En lo personal me gusta ir leyendo biografias de las gentes famosas, y eso es una manera de irse empapando de fechas y logros, otra es indagar en wikipedia que se ha convertido en una muy buena fuente de información, voy a buscar algun link util y pegarlo en este tema para que se pueda ir haciendo algo cultural

Solo una nota..  Einstein no creo la bomba atomica... solo sienta las bases teoricas de la conversion materia <-> energia y es Oppenheimer el que resuelve como aplicar esa teoria a una bomba practica que puede ser usada con fines militares

http://es.wikipedia.org/wiki/Proyecto_Manhattan

Saludos...


----------



## Nepper (Mar 16, 2009)

Tenes razón, pero preguntale a cualquer persona no involucrada directamente en la ciencia ¿quíen inventó la bomba atómica?... en el caso que no sea un tipo despistado y diga ¡Einstein no fué! entonces preguntale ¿que hiso?....  Sin duda, si a esa persona le preguntas ¿quien es hitler? se te queda hablando horas...


----------



## juanma (Mar 16, 2009)

En su momento lei (2 veces seguro) un libro, editado por Muy Interesante.

Nueva Guia de las Ciencias Fisicas, de Isaac Asimov.

Si tenes la posibilidad de comprarlo o conseguirlo, es 110% recomendable.
Desde galaxias y formaciones planetarias, hasta el descubrimiento de los elementos radioactivos, maquina de vapor, interferometro de Michelson a Einstein.

http://es.wikipedia.org/wiki/Nueva_guía_de_la_ciencia

Aca podes leerlo: http://www.librosgratisweb.com/html/asimov-isaac/nueva-guia-de-la-ciencia/index.htm
Pero si tenes la posibilidad, compralo y leelo tranquilo.

Un saludo y espero te sirva.

PD: Siempre crei NECESARIO una materia en la facultad al estilo Historia de la Fisica o Matematica.
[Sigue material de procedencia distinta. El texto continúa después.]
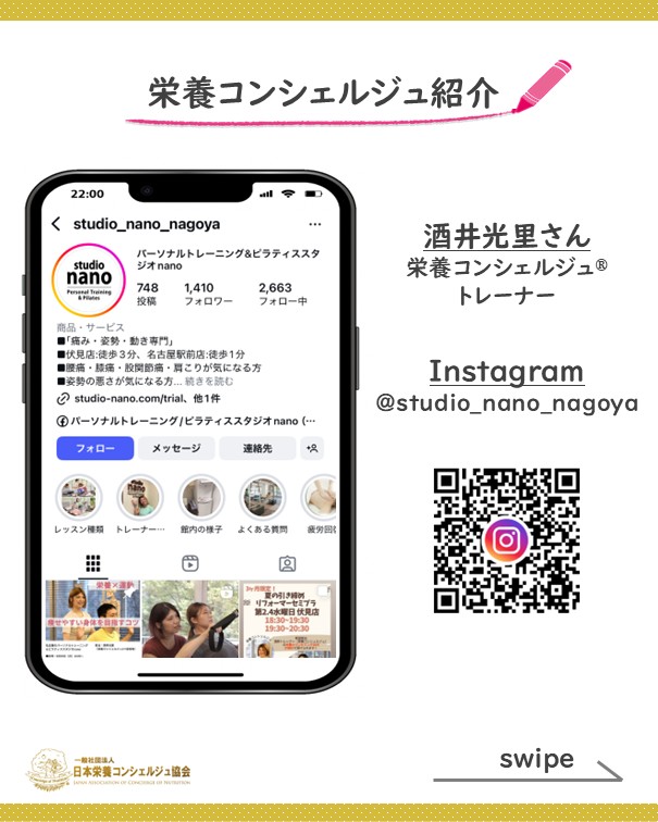 ☆酒井光里さんが所属するパーソナルトレーニング&ピラティススタジオnanoのInstagramアカウント☆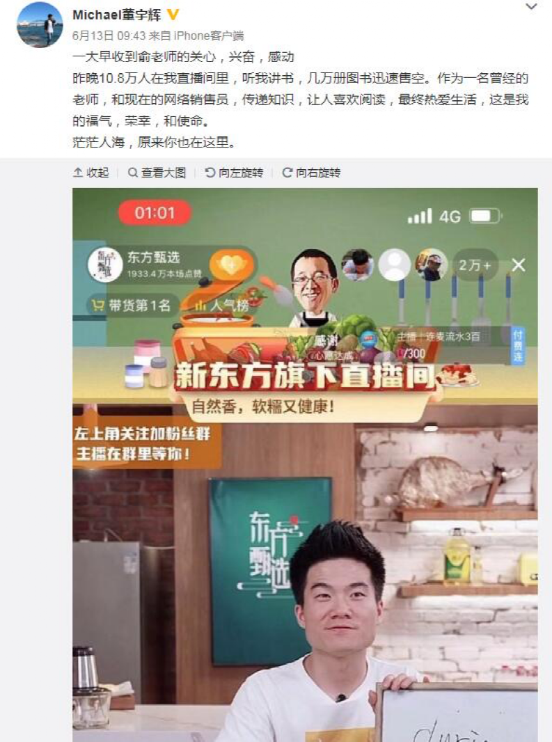 与该消息一同上热搜的,还有#新东方主播董宇辉回应爆火#。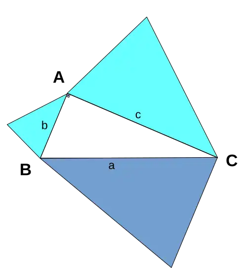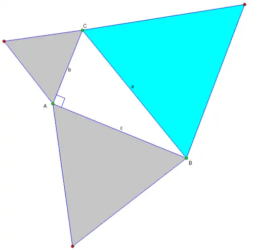 A área do triângulo equilátero construído sobre a hipotenusa é igual à soma das áreas dos triângulos equiláteros construídos sobre os catetos de um triângulo retângulo.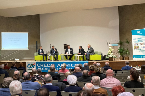 > Et les réunions d'information aux sociétaires qui se sont tenues du 18 mars au 29 avril. L’occasion idéale pour échanger directement avec les représentants de votre Caisse locale, du Conseil d’Administration et de la Direction de la Caisse régionale.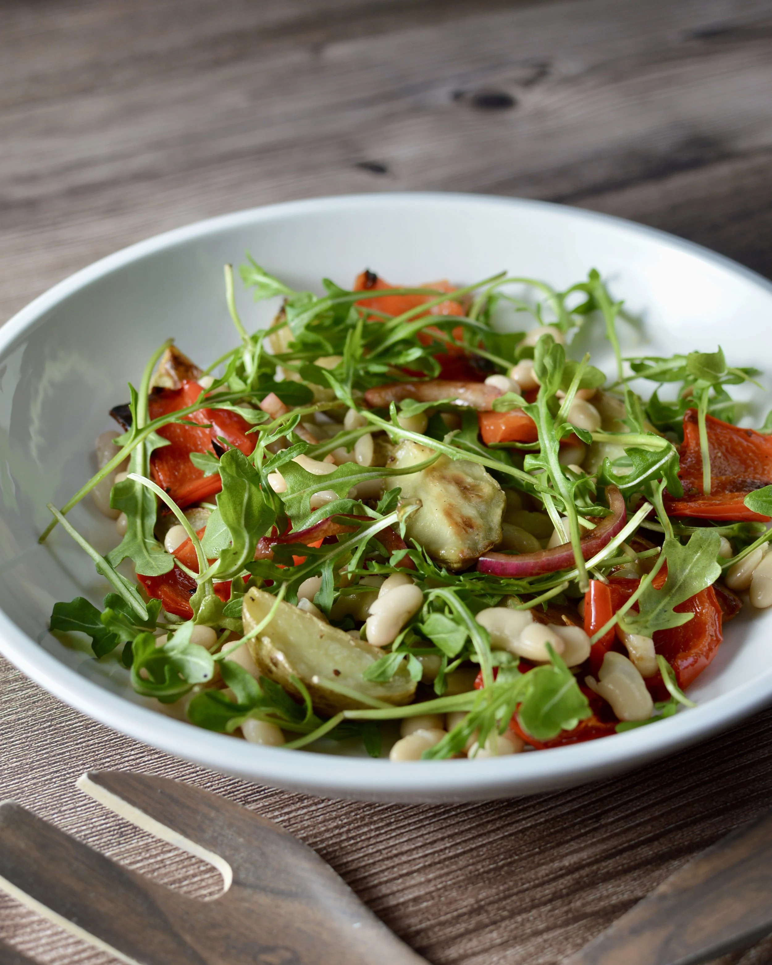 This vibrant salad combines tender baby potatoes, roasted red peppers, tangy balsamic onions, creamy white kidney beans, and fresh arugula. It's a satisfying salad that's perfect as a light lunch or a refreshing side dish for any meal. I love salads that combine cooked veggies as they make the salad more satisfying and easy to digest as in Leak and Pita Chip Salad, Herby Quinoa Salad or Charred Eggplant, Pepper and Chickpea Salad.
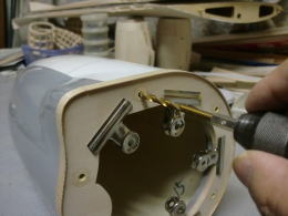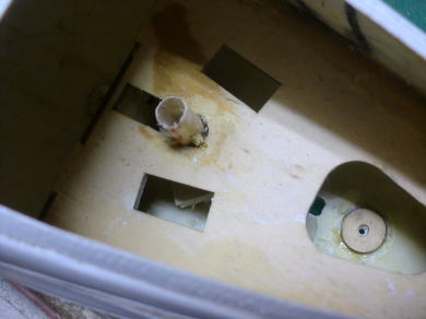 ● 福さんには申し訳ないんですが・・・此処も大手術に成ります。この傾いたパイプを取り去って新たにパイプを入れ直しますので、このエレベータサーボの取り付け孔もぶち抜きます・・・。まあ・・・新たに作る事には成るんですが、もっと困った事に・・・。水平尾翼はアルミパイプをカンザシに、この胴体の中にこのカンザシの台座を作るんですが、多分画像の中には専用ブラケットが有った様な・・・でも本機の部品には付属していません。もう一度確認しようにも・・・(MD-11)の画像は、全てページから消滅しています。多分誰かが連絡して、私のページを見て・・・此れ以上被害が及ぶ前にと証拠隠滅したかも知れませんなあ・・・。よって再び手探り作業が続きます。作業延長の許可を下さい!。

Que eventos llevaron a los distintos desarrollos en diferentes epocas y esas cosas. Algo por demas interesante.
A demas a modo de tener una idea del contexto de alguna teoria, por ejemplo, la Era Atomica.


----------



## Nepper (Mar 17, 2009)

...
...
...
...
...
(una sola palabra)
GRACIAS! 	THANKS! 	DANKE SCHÖN! 	GRAZIE!      OBRIGADO!      ありがとう!    致谢!
...
...
...


----------



## Barry Lyndon (Mar 17, 2009)

Una Biblioteca bastante versatil y gratuita,incluye temas relacionados con Electronica.  http://www.thedaniex.us/w/tdx.php?...


----------